# Coraline



## Jesslyn (Oct 29, 2008)

Okay, is it me or is the Coraline movie trailer a little disturbing?  Are they marketing that to kids?  Anyone read the book?


----------



## Guest (Feb 6, 2009)

Jesslyn said:


> Okay, is it me or is the Coraline movie trailer a little disturbing? Are they marketing that to kids? Anyone read the book?


Yes, I've read the book. And it is dark and dsiturbing and a kiddie book. Think Roald Dahl but even more macabre.


----------



## Jesslyn (Oct 29, 2008)

Bacardi Jim said:


> Yes, I've read the book. And it is dark and dsiturbing and a kiddie book. Think Roald Dahl but even more macabre.


Yuck


----------



## chobitz (Nov 25, 2008)

Jesslyn said:


> Okay, is it me or is the Coraline movie trailer a little disturbing? Are they marketing that to kids? Anyone read the book?


Gaiman is my second favorite author. He writes kids, teens and adults books usually in the dark/urban/contemporary fiction.

I don't understand the coddling of children nowadays. Don't you remember what we grew up on? Wizard of Oz, anything by Dahl, the Grimm Fairy Tales, the matchstick girl, little prince, Alice in Wonderland etc are as dark as Gaiman's work.

It was only recent children's fiction that has become so cute and cuddly.

Gaiman always tries his kid fiction on children. He said in many articles that kids love the stuff but its only the adults who freak. Maybe we are too jaded by life experience??

Sample his work. He really is great.


----------



## Anniehow (Oct 28, 2008)

My 5 year old has been bugging me to see this movie since she saw the preview at Christmas. She LOVES The nightmare before Christmas so I'm sure I'll be taking her to see this when it comes out.


----------



## Mikuto (Oct 30, 2008)

Jesslyn said:


> Yuck


Could be worse. Kids could all be like me and reading Poe and Stephen King before they hit High School.


----------



## chobitz (Nov 25, 2008)

Anniehow said:


> My 5 year old has been bugging me to see this movie since she saw the preview at Christmas. She LOVES The nightmare before Christmas so I'm sure I'll be taking her to see this when it comes out.


Its alot like Corpse Bride or Nightmare Before Christmas. If she can handle those she should be OK. Mind you there are some things that might go over her head(thank god!) like Coraline talking to the spirits of dead children(its implied heavily that 'fake mom' killed them but never says it out and out).

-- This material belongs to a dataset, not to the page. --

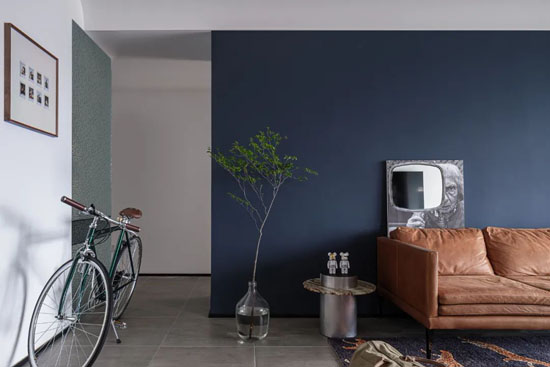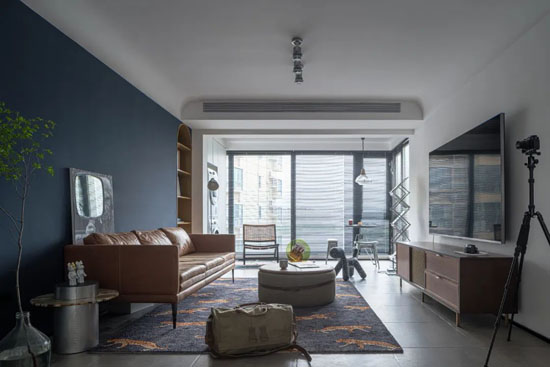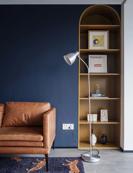 神秘深邃的藍色作為沙發背景,配上搞怪的鏡子元素和充滿生氣的綠植,也是意外的和諧舒適。

Personally I was seriously traumatized as a kid by watching The Matchstick Girl one Christmas! What depressing holiday show!


----------



## Jesslyn (Oct 29, 2008)

I don't think kids need to be coddled per se. I'm not one of those Moms that think Old Yeller is bad. I was the Mom that got funny looks when I observed that all Disney movies were horror stories (this was back in the 80's).

I guess I don't like the occult aspect; I would rather that the darker elements (death, fear, etc.) be dealt with in a different manner.

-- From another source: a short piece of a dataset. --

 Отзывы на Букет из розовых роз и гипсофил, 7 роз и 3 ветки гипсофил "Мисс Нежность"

BUT I do plan on sampling now.


Mikuto said:


> Could be worse. Kids could all be like me and reading Poe and Stephen King before they hit High School.

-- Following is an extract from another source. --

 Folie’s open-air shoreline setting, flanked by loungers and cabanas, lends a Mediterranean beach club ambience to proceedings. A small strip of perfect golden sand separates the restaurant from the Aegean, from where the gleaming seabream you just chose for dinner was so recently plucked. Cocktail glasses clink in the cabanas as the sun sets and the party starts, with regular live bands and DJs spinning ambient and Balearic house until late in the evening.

Could be much worse. I was reading Harold Robbins and Jacqueline Susann before HS. (My Mom would die if she knew that )


----------



## nebulinda (Dec 19, 2008)

I thought that the book was amazing. And the movie will have a hard time failing to meet my high expectations. I don't think kids would have a hard time digesting it. It's more creepy than scary, but it has a happy ending.

There's no way the movie won't be a heaping pile of awesome.


----------



## Mikuto (Oct 30, 2008)

Jesslyn said:


> I guess I don't like the occult aspect; I would rather that the darker elements (death, fear, etc.) be dealt with in a different manner.


Keep in mind that most, if not all fairy tales, have occult/dark elements in them, especially the original versions.

Look at Grimm's Fairy Tales, for example. The Wicked Witch in Snow White dies in the end by dancing to death wearing red hot slippers. And don't even get me started on the sexual and morality aspects of Little Red Riding Hood! Cinderella deals with familial abuse and self-mutilation (in the original version, the sisters hack off pieces of their feet to fit into the shoe) while Hansel and Gretel is about abandonment and cannibalism!

I've heard it said that the reason fairy tales deal with such dark matters is to sort of prepare children for the real world. But you can take or leave that explanation.

In the end, children don't always see how dark things are because they're not seeing it with an adult's eyes. As Chobitz said, Neil always has children read his stories meant for kids first, then adults, and the only people who ever find it dark or disturbing are the adults.


----------



## Guest (Feb 6, 2009)

Mikuto said:


> Keep in mind that most, if not all fairy tales, have occult/dark elements in them, especially the original versions.
> 
> Look at Grimm's Fairy Tales, for example. The Wicked Witch in Snow White dies in the end by dancing to death wearing red hot slippers. And don't even get me started on the sexual and morality aspects of Little Red Riding Hood! Cinderella deals with familial abuse and self-mutilation (in the original version, the sisters hack off pieces of their feet to fit into the shoe) while Hansel and Gretel is about abandonment and cannibalism!
> 
> ...


If I cared more about this thread, this is what I would have posted. Almost word for word.

Thanks, Mikuto.


----------



## mwvickers (Jan 26, 2009)

Mikuto said:


> I've heard it said that the reason fairy tales deal with such dark matters is to sort of prepare children for the real world. But you can take or leave that explanation.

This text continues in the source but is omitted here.